The 2:3 ratio is the recommended standard for good reason: it occupies the maximum vertical space in the feed while staying within the ratio Pinterest renders without cropping. Pins taller than 2:3 — such as long infographics at 1:2.1 or longer — will be cropped to 2:3 in the feed view, with a “See more” indicator that requires an additional tap.

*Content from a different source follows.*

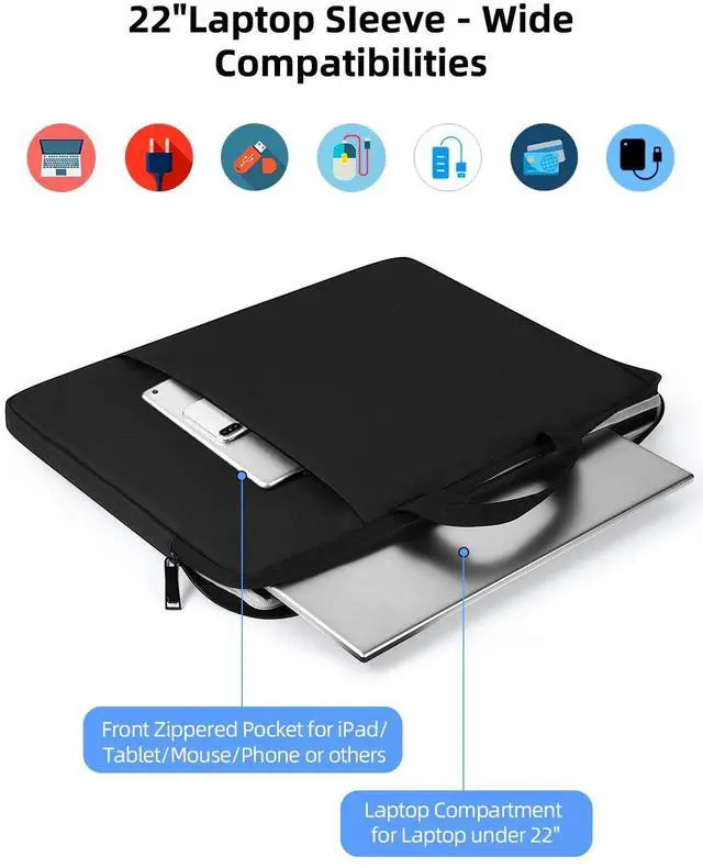 EVICIV Laptop Sleeve Case 22 inch, 360° Protective Laptop Carrying Case Computer Cover Bag with Handle for 20-22 inch Desktop, Portable Monitor, Notebook, Large Travel Briefcase Handbags (Black)

This cropping behaviour has a practical consequence for design. If you are creating a tall pin with content that spans the full length, the most important information needs to be in the top two-thirds of the image — specifically within the 1000 × 1500 crop zone — because that is what a viewer sees without tapping.

Square Pin

  • Dimensions: 1000 × 1000 pixels
  • Aspect ratio: 1:1
  • File type: JPG or PNG
  • File size: Up to 20MB

Square pins occupy less vertical space in the feed than 2:3 pins, which means they compete against more content simultaneously and tend to get less visual prominence. That said, square format works well for product photography where the subject is naturally symmetrical, or for branded content where the 1:1 grid treatment is part of the visual identity.

Long Pin

  • Dimensions: 1000 × 2100 pixels
  • Aspect ratio: 1:2.1
  • File type: JPG or PNG
  • File size: Up to 20MB

Long pins work well for step-by-step tutorials, recipes with multiple stages, or educational infographics that benefit from a vertical reading flow. As noted above, these will be cropped to 2:3 in feed previews — design the top portion to function as a compelling standalone hook, and use the extended length for additional detail that rewards the user who taps to see the full image.

Idea Pins

Idea Pins are Pinterest’s full-screen, multi-page format — similar in concept to Instagram Stories, but with a different audience intent. Idea Pins are designed for educational and inspirational content that teaches a viewer how to do something.

Image Idea Pins:

  • Dimensions: 1080 × 1920 pixels
  • Aspect ratio: 9:16
  • File type: JPG or PNG
  • File size: Up to 20MB

Video Idea Pins:

  • Dimensions: 1080 × 1920 pixels
  • Aspect ratio: 9:16
  • File type: MP4, MOV, or M4V
  • File size: Up to 32MB
  • Encoding: H.264 or H.265

Unlike standard pins, Idea Pins do not link out to an external URL. They are native content designed to be consumed entirely within Pinterest. This makes them better suited for brand awareness and community building than for direct traffic generation.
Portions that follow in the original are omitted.